Showing posts with label broken lives. Show all posts
Showing posts with label broken lives. Show all posts

Saturday, September 17, 2016

Outsider


Acts 10:34-45

 


Have you ever felt like an outsider; different than those around you? As I considered this devotional I remembered a man who came to our church for awhile. I haven’t seen him lately. He usually sat in the same pew as my wife and I. During the sermon he would knit. I have to confess that I judged him. Maybe that’s why he hasn’t been around.

 

It’s easy to judge others; to put them next to an artificial standard that we have created in order to make ourselves look and feel good. You know the one I’m talking about. You
have to dress a certain way; act and talk a certain way; look a certain way. Otherwise, you just don’t fit in.

 

The backstory to today’s passage is that Peter, a Jew, and Cornelius, a Gentile, have been brought together by supernatural means orchestrated by God.

 

Normally, the culture they live in would not permit this meeting to occur. It was a social and religious culture that put the Gentiles on the outside and the Jews on the inside. In case of point, look at the reaction of the good Jewish people when the Gentiles received the Holy Spirit.

 

While Peter was still speaking these words, the Holy Spirit came on all who heard the message.
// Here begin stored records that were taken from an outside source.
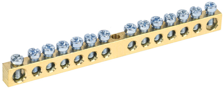 Применяют ся в щитовом оборудовании для подсоединения нулевых рабочих (N) и нулевых защитных проводов (РЕ). Крепление шины предусмотрено по центру (типы 8/1; 14/1) и по краям (типы 8/2 и 14/2) через изолятор нулевой шины на 35 мм монтажную DIN-рейку и через угловые изоляторы нулевой шины, а также непосредственно на панель щита. При подключении к шинам медных многожильных проводов рекомендуется оконцевание их наконечниками-гильзами. Выполнены из латуни.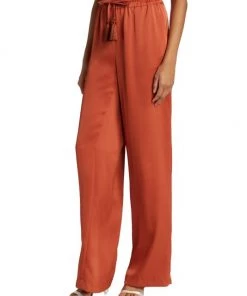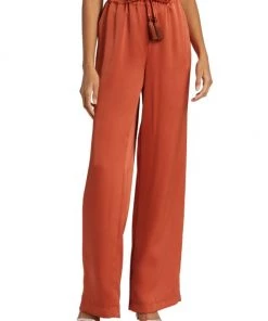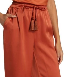Badgley Mischka’s sleek satin palazzo pants are styled with tassels at the drawstring waist.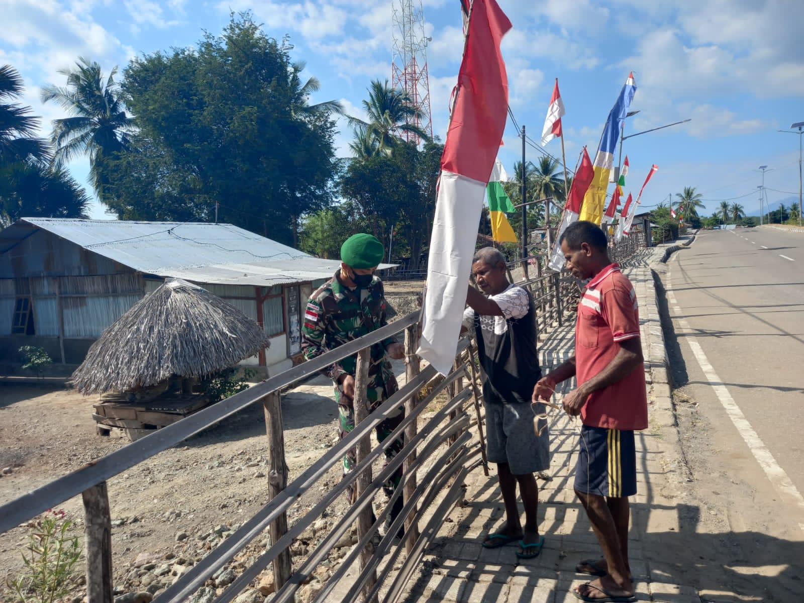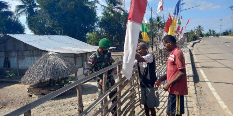 Berkaitan dengan peringatan Hari Proklamasi Kemerdekaan Republik Indonesia yang ke -76 tersebut, jajaran pos Satgas Pengamanan Perbatasan RI – RDTL Sektor Timur mengajak masyarakat di sepanjang wilayah perbatasan Kabupaten Belu Nusa Tenggara Timur untuk menyambut HUT Kemerdekaan RI ke 76 tahun 2021 dengan memasang bendera merah putih dan umbul-umbul di halaman rumah seperti yang dilakukan pos-pos Kipur I hari ini, Senin (2/8/2021).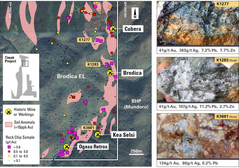 - Sample K1277: 41g/t Au, 363g/t Ag, 7.2% Pb, 7.7% Zn (subcrop)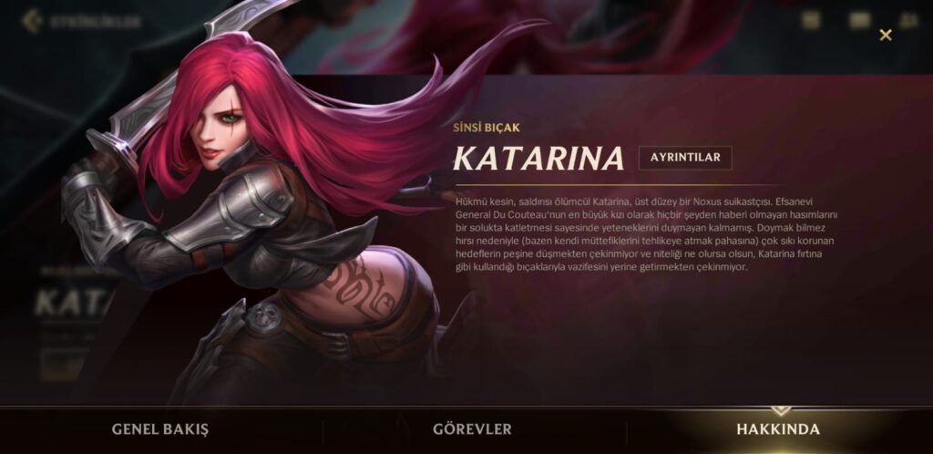 | İki Bıçağın Sesi Var | 5 oyun oyna. VEYA Garen’in rakip takımda olduğu 1 oyun kazan. | Katarina (şampiyon) |
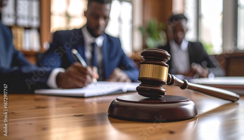 Close-up of a wooden judge's hammer resting on a court desk, with a writing lawyer in the blurry background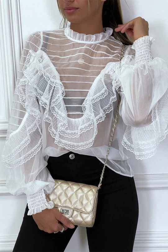Blouse blanche en tulle avec broderie et volant. Belle blouse noir en tulle avec manches bouffante et volant brodĂ©.Â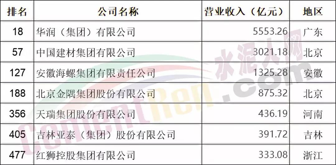 其中水泥行業(yè)華潤(集團(tuán))有限公司、中國建材集團(tuán)有限公司、安徽海螺集團(tuán)有限責(zé)任公司、北京金隅集團(tuán)股份有限公司、天瑞集團(tuán)股份有限公司、吉林亞泰(集團(tuán))股份有限公司、紅獅控股集團(tuán)有限公司等多家企業(yè)上榜。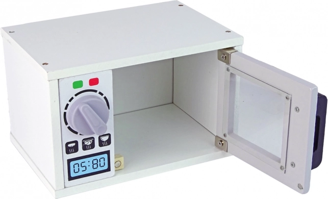 Tato dřevěná dětská mikrovlnka přináší realistické detaily, které děti milují: otočný knoflík s příjemným klikáním, potisk s displejem a časem ohřevu a dvířka na magnet pro snadné a bezpečné zavírání. Díky kompaktním rozměrům se skvěle hodí do dětských koutků a kuchyněk.

The circumcised believers who had come with Peter were astonished that the gift of the Holy Spirit had been poured out even on Gentiles.          Acts 10:44-45 NIV

 

The disdain that the Jews had for the Gentiles was impeding the spread of the Gospel. God’s word, His love, His grace and forgiveness and even His Holy Spirit - were being held captive. Peter had a change of heart that not only changed him, but changed the world around him.

 

Then Peter began to speak: “I now realize how true it is that God does not show favoritism but accepts from every nation the one who fears him and does what is right.      Acts 10:34-35NIV

 

Who do you judge and keep in a box? Someone who looks different or acts different from you? Maybe they knit during the sermon. Let the Holy Spirit open your heart so that all might have access to the Gospel of Jesus.

 

 

 

 

 

 

(If God has spoken to you, or touched your heart through this devotional, please feel free to share it with others.)

 

 

Saturday, March 7, 2015

Unbroken


Matthew 9:9-13

 

In the movie Unbroken, Louie Zamperini is stranded on a raft for 47 days when his bomber is shot down in the South Pacific during WWII. He is rescued by the Japanese, taken as a prisoner of war and abused for years. The movie ends when he returns home, a triumphant war hero. But the book tells the rest of his true story.

 

To survive all that happened to him is truly amazing, but when Louie returned home he became an alcoholic. His life changed however, when in 1949, at a Billy Graham Crusade in Los Angeles, Louie went forward to accept Christ. He was a broken man, and he knew it.

 

Matthew was a tax collector. Jews viewed tax collectors as traitors and hated them. They collected taxes for the Roman government, and then extorted whatever fees they wanted for personal gain and wealth. After calling Matthew to follow him, Jesus went to dinner at Matthew’s house where other tax collectors and sinners joined them. It was a gathering of broken people.

 

“When the Pharisees saw this, they asked his disciples, “Why does your teacher eat with tax collectors and sinners?” On hearing this, Jesus said, “It is not the healthy who need a doctor, but the sick.”

 

If you’re a follower of Jesus, doesn’t his response make you cringe just a little bit? After all, who wants to think of themselves as sick? As a sinner? As broken? Who wants to identify with the kind of people who followed Jesus? They were common fishermen, lepers, prostitutes, social outcasts, and yes, even tax collectors.

 

We go to church on Sunday dressed in our Sunday best; hair combed, makeup on, saying all the right things. We want to put forth a good image. We want others to think well of us. We don’t want them to know about our hidden thoughts, our anger and resentments, our language, our sinful attitudes and behaviors, how we use and manipulate others. We don’t want to appear broken.

 

Listen though to what God’s word has to say about being broken:

 

“The Lord is close to the brokenhearted and saves those who are crushed in spirit.”     Psalm 34:18

 

“My sacrifice, O God, is a broken spirit; a broken and contrite heart you God, will not despise”.                        Psalm 51:17

 

 “The Spirit of the Sovereign Lord is on me, because the Lord has anointed me to proclaim good news to the poor. He has sent me to bind up the brokenhearted, to proclaim freedom for the captives and release from darkness for the prisoners.”          Isaiah 61:1

 

If we are honest with ourselves and with God, we would admit that we are sick; that like Louie Zamparinni, we are broken. And when we do, God takes hold of our heart and does something miraculous. We become a new creation in Christ, not perfect, but by His grace and mercy, following him in all we do.